Paulo, attonito e mal podendo crêr no que ouvia, encarava ora o padre Filippe, ora madre Paula, sem poder articular uma palavra.
— Oitocentos contos! — balbuciou por fim. — E d'onde vem tanto dinheiro?
— De teus paes — respondeu madre Paula.
— Meus paes! E quem eram elles? — perguntou o mancebo, na esperança de que, emfim, o segredo do seu nascimento lhe iria ser revelado.
— Nunca o saberás. Essa fortuna que elles te legaram não traz nome. Designa-lhe tu, meu filho, um bom destino e uma applicação nobre e justa.
Quando o mancebo retirou, louco de alegria a communicar a boa nova a Beatriz, padre Filippe, voltando-se para madre Paula, exclamou:
— Como Deus é misericordioso e é justo!

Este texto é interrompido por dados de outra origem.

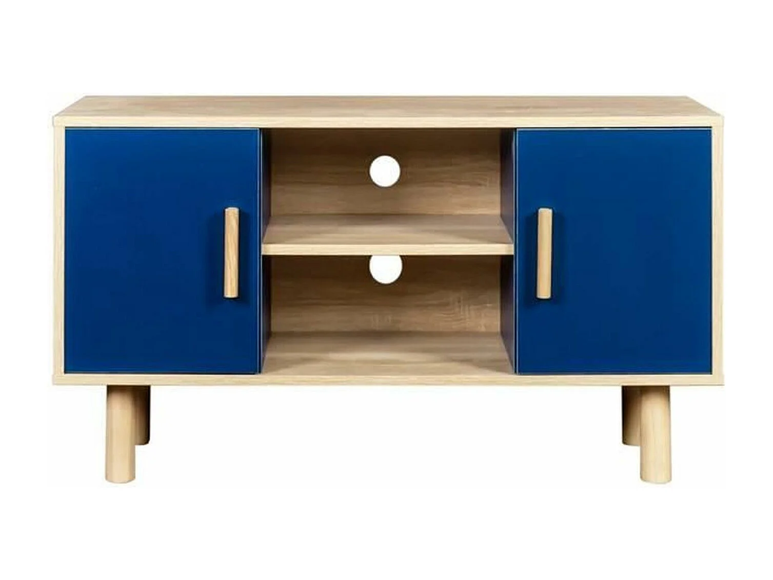 Meuble TV LILA - 2 portes - mélaminé Bleu - Pieds en bois massif - 90 x 35 x 55 cm
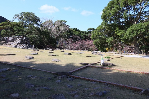 戦後、米軍が建築材料として持ち出し破壊され、かろうじて一の郭の石門と拝所だけが残っています。 |

Esta fortuna, accumulada á custa de crimes nas mãos do padre Anselmo, vae agora, nas mãos d'este rapaz que é seu filho, ter um destino bem mais nobre e mais digno.
— Que o altruismo do filho possa ao menos redimir as torpezas e os crimes do pae! — replicou madre Paula.

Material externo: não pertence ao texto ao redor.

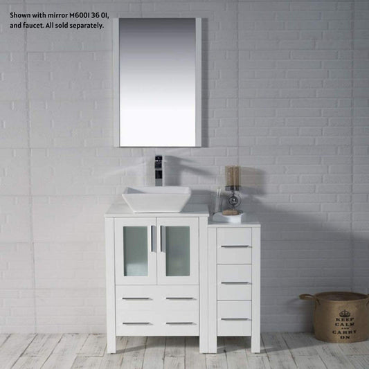 Blossom Sydney 36" White Freestanding Vanity Set With Ceramic Vessel Single Sink and Side Cabinet

No dia em que Paulo de Noronha se unia a Beatriz, a contento do sr. Custodio de Jesus, seu pretenso progenitor, recebeu madre Paula a noticia de que Julio de Montarroyo se havia suicidado sobre a sepultura da Irmã Dorothea, legando uma parte dos seus haveres ao mestre Tomba e a parte restante a D. Aurelia para obras de caridade.

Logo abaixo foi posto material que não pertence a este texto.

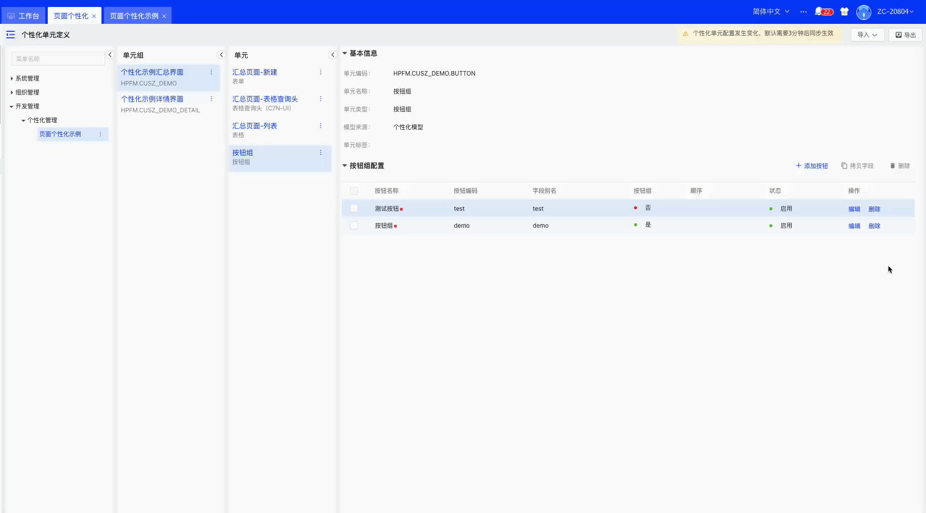 选择目标单元: 由于需要增加按钮组,所以在选中【页面个性化示例】页面后,需要将“单元组”选项设置为【个性化示例汇总页面】,并在“单元”列中选择【按钮组】以进行相应设置。

E como os acontecimentos notaveis nunca veem isolados, o procurador Belchior leu tambem n'esse dia, nas gazetas, a noticia de que Leonor, que tanto se salientára no tragico suicidio de Eugenio de Mello, partira para Lisboa em companhia de João Lazaro.
Do homem dos oculos verdes, o Mestre fundador da Mão Negra, nunca mais Jorge, o amigo de Paulo, ouviu fallar, substituindo-o porisso na direcção da famosa sociedade secreta, que é hoje a mais florescente e poderosa de todas as suas irmãs.